> Supplied records:

------------------------------------------------

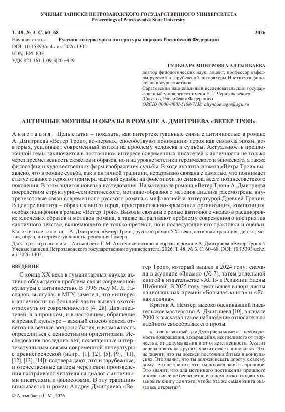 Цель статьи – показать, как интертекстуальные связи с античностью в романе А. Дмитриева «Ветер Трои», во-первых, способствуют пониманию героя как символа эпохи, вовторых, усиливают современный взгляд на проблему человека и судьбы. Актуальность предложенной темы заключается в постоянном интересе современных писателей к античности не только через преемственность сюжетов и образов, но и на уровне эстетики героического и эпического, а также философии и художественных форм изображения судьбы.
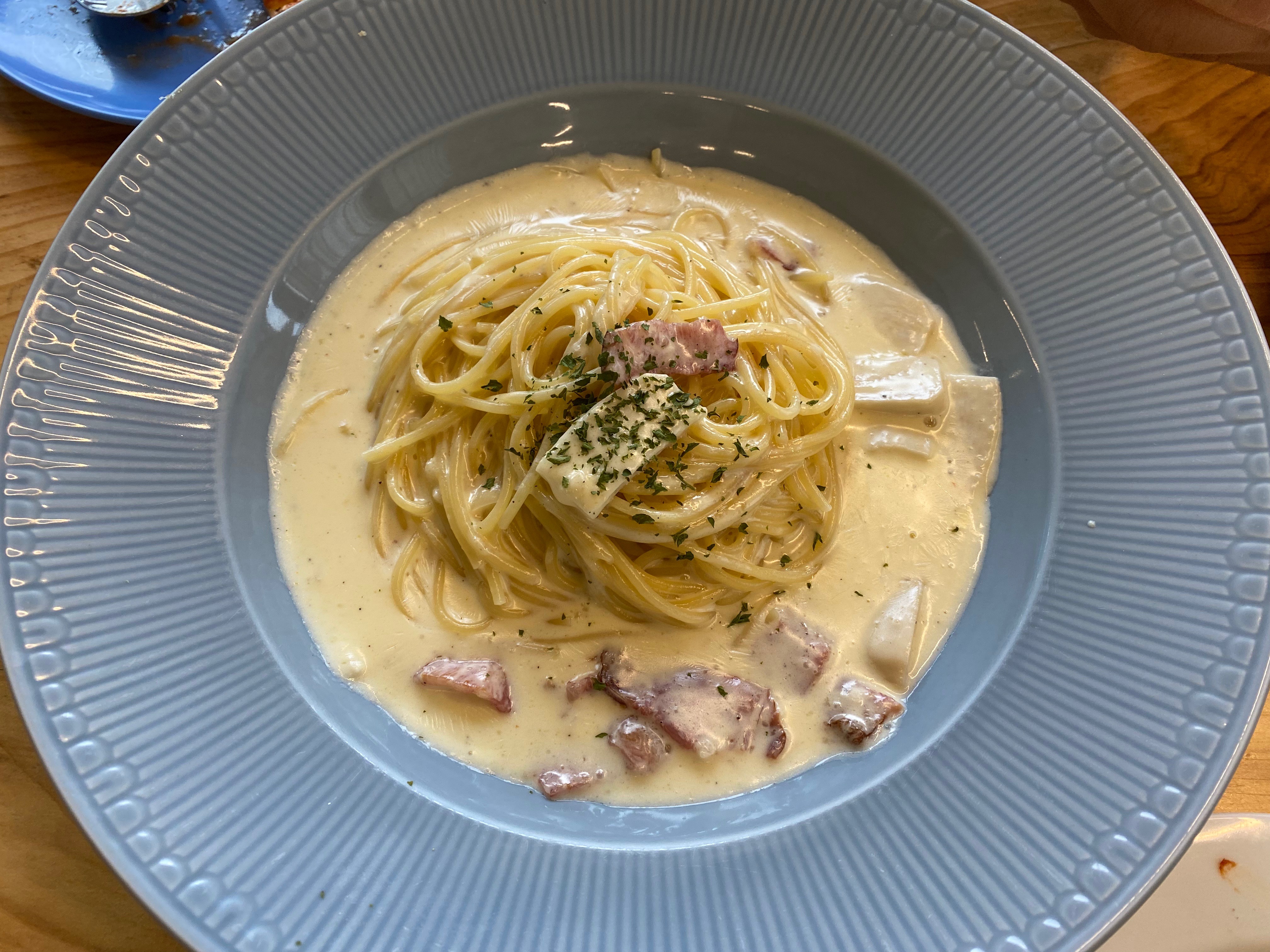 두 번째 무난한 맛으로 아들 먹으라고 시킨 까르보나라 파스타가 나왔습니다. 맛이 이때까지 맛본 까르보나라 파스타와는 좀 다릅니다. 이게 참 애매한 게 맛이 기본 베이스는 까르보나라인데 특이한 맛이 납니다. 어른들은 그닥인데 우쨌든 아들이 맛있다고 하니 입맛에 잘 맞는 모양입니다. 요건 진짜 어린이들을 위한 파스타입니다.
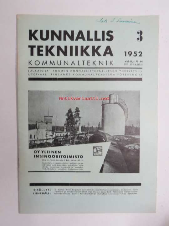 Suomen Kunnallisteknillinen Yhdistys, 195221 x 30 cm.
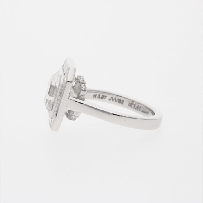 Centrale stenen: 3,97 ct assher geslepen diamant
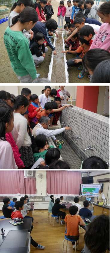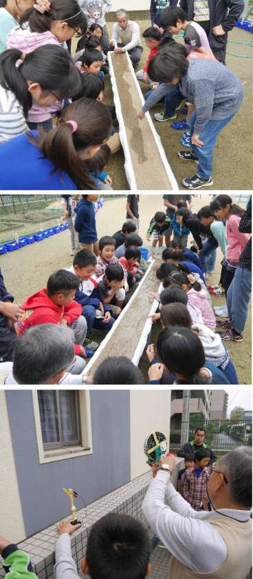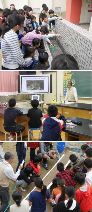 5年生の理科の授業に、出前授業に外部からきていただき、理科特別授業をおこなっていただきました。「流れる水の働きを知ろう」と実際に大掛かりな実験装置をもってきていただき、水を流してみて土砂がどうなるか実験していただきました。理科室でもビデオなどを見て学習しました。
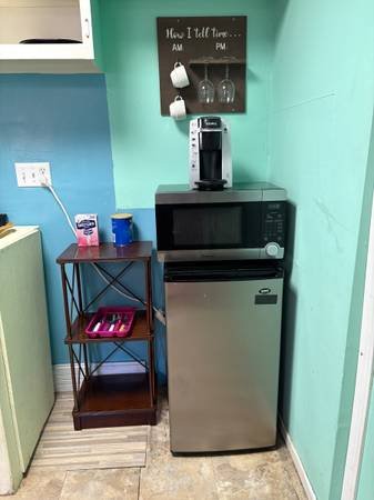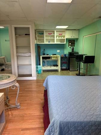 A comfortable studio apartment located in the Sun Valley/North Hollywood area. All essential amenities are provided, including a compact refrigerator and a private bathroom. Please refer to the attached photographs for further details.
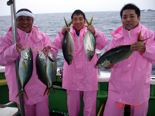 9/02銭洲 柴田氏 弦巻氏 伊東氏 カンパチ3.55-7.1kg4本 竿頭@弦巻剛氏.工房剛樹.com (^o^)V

------------------------------------------------

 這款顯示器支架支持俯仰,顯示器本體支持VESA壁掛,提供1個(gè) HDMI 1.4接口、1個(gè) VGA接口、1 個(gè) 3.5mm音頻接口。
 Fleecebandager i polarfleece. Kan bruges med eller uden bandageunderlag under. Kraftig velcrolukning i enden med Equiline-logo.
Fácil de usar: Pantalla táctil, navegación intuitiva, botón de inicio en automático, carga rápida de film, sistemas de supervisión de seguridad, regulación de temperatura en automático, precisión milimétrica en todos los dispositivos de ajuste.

------------------------------------------------

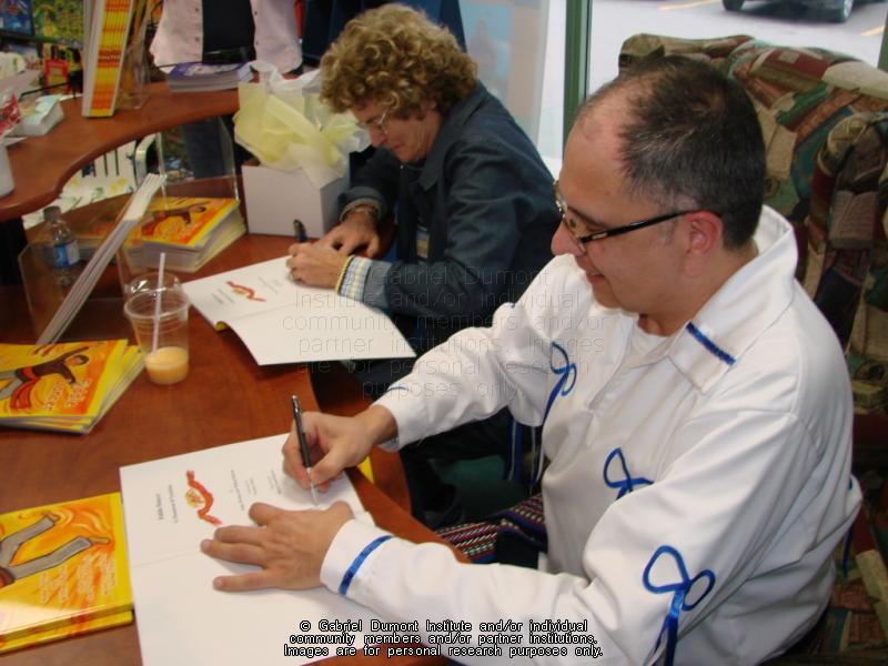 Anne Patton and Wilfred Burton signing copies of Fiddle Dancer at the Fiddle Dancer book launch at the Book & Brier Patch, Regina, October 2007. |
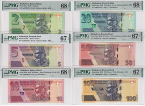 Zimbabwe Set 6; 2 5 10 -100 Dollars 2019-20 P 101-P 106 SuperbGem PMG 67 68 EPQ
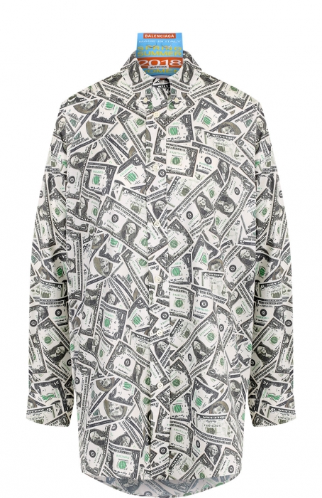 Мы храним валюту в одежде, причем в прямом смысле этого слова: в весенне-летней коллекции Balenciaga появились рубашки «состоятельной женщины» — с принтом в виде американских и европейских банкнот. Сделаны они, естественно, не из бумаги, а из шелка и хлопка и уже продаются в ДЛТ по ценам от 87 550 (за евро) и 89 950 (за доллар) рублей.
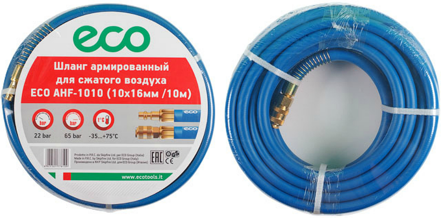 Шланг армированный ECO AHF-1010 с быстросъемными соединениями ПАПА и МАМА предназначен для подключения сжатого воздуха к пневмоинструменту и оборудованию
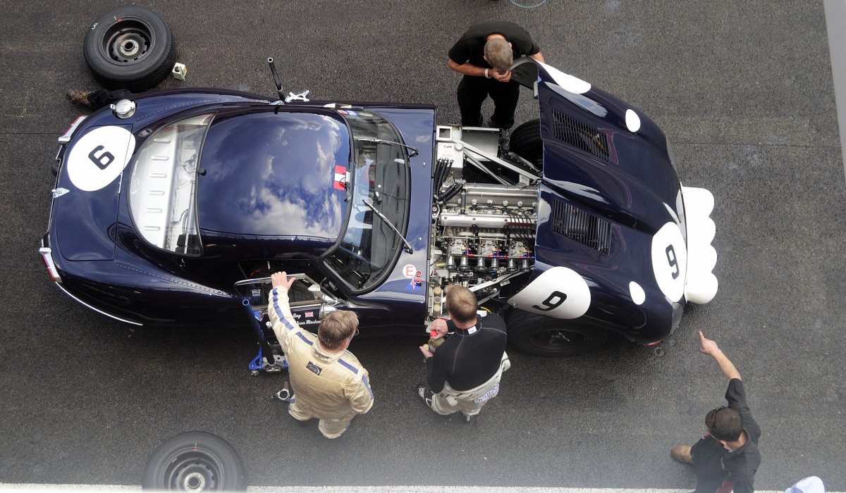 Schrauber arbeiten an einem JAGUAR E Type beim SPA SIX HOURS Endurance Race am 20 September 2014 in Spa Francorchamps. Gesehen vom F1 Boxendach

------------------------------------------------

> Required action:
From the records above, give again only the part that opens with the line containing "Мы храним валюту" and closes with the line containing "Schrauber arbeiten an". Keep both ends but drop the pictures.

> Exercise answer:
 Мы храним валюту в одежде, причем в прямом смысле этого слова: в весенне-летней коллекции Balenciaga появились рубашки «состоятельной женщины» — с принтом в виде американских и европейских банкнот. Сделаны они, естественно, не из бумаги, а из шелка и хлопка и уже продаются в ДЛТ по ценам от 87 550 (за евро) и 89 950 (за доллар) рублей.
 Шланг армированный ECO AHF-1010 с быстросъемными соединениями ПАПА и МАМА предназначен для подключения сжатого воздуха к пневмоинструменту и оборудованию
 Schrauber arbeiten an einem JAGUAR E Type beim SPA SIX HOURS Endurance Race am 20 September 2014 in Spa Francorchamps. Gesehen vom F1 Boxendach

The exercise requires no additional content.